Yes, this novel technique has been employed yesteryear cyber criminals amongst the latest circular of ransomware threat, dubbed Popcorn Time.
Initially discovered yesteryear MalwareHunterTeam, the novel Popcorn Time Ransomware has been designed to rank the victim's a criminal agency of getting a gratis decryption telephone substitution for their encrypted files in addition to folders.
Popcorn Time plant similar to other pop ransomware threats, such equally the Crysis Ransomware in addition to TeslaCrypt, that encrypt diverse information stored on the infected calculator in addition to enquire victims to pay a ransom sum to recover their data.
But to instruct their of import files back, Popcorn Time gives victims option to pay a ransom to the cyber criminal or infect 2 other people in addition to convey them pay the ransom to instruct a gratis decryption key.
What's fifty-fifty worse? The victims are encouraged to pay the ransom of 1 Bitcoin ( $750) inside 7 days to have decryption keys stored on a remote server owned yesteryear Popcorn Time's developers.
If the ransom is non paid inside this duration, the decryption telephone substitution volition last permanently deleted in addition to recall of import files volition give-up the ghost impossible.
Moreover, the code of the ransomware is incomplete that may signal that if victims come inward the incorrect decryption telephone substitution iv times, the Popcorn Time ransomware volition start deleting victims' files.
Here's How the Popcorn Time Ransomware Threat Works:
If not, the Popcorn Time Ransomware volition either download diverse images to purpose equally backgrounds or start encrypting the files using AES-256 encryption. The encrypted files volition convey the ".filock" or ".kok" extension appended to it.
While encrypting the data, the ransomware volition display a faux shroud that pretends to last the installation of the program.
As presently equally the encryption is finished, it volition convert 2 base64 strings, relieve them equally ransom notes known equally restore_your_files.html in addition to restore_your_files.txt, in addition to hence automatically display the HTML ransom depository fiscal establishment annotation bespeak for 1 Bitcoin.
Want a Free Decryption Key? Infect Two More People
If those 2 infected victims pay the ransom, hence the offset victim volition supposedly instruct a gratis decryption key.

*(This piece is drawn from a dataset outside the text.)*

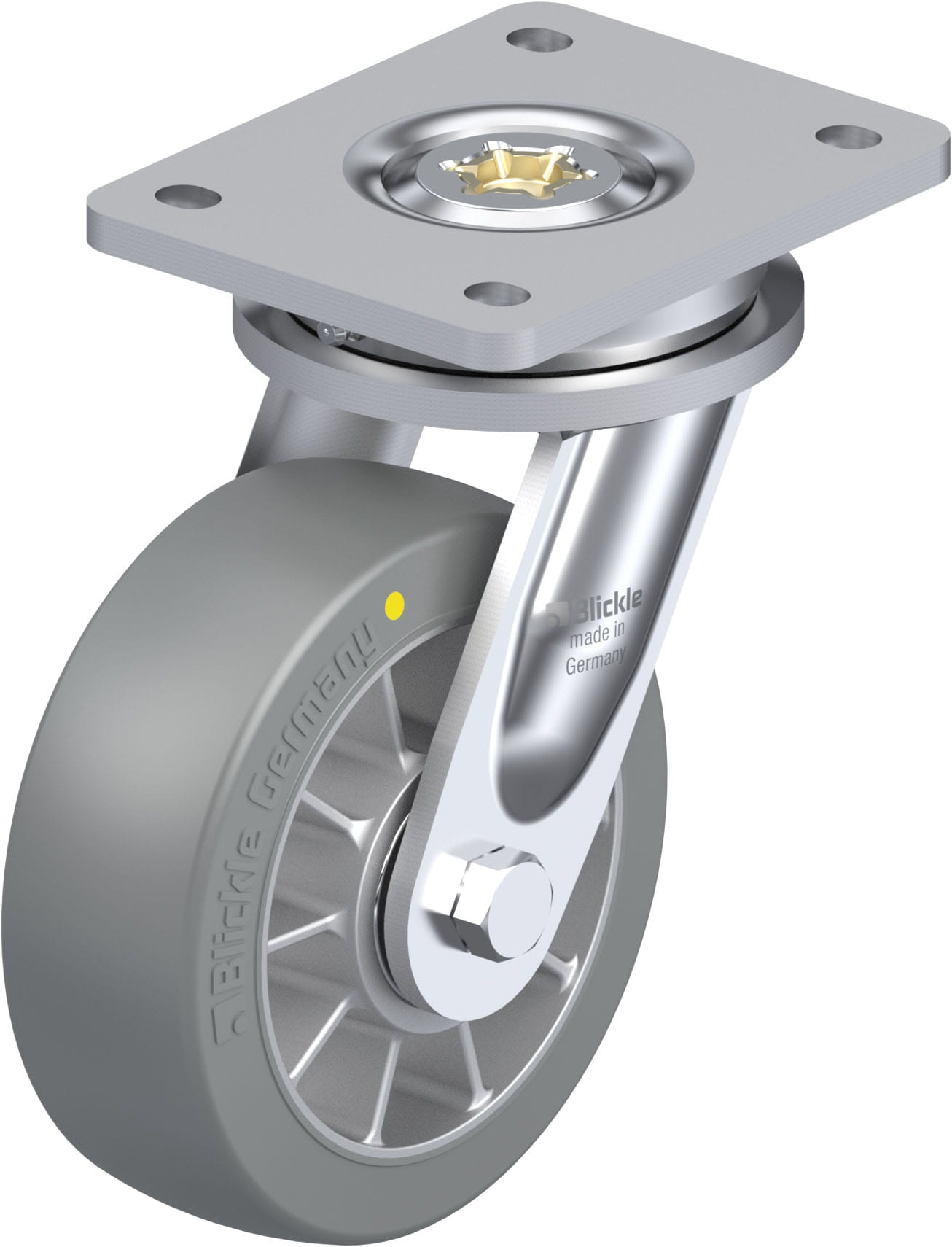 - tread: high-quality polyurethane elastomer Blickle Extrathane®, hardness 92 Shore A, colour grey, non-marking, non-staining

To brand this possible, the ransom depository fiscal establishment annotation contains a URL pointing to a file located on the Popcorn Time's TOR server.
Entering Wrong Decryption Key 4 Times in addition to You are Screwed Up!
When executed, the Popcorn Time ransomware volition display a lock shroud filled inward amongst diverse information relating to victim's detail installation.
The victim volition likewise detect a champaign where he/she tin dismiss come inward the decryption telephone substitution given to them yesteryear the assailant afterwards paying the ransom.
The root code for Popcorn Time contains a percentage that suggests the threat to delete files if the victim enters the incorrect decryption code iv times.
Since the Popcorn Time ransomware is nevertheless nether evolution at the fourth dimension of writing, many things are unclear in addition to may alter amongst time.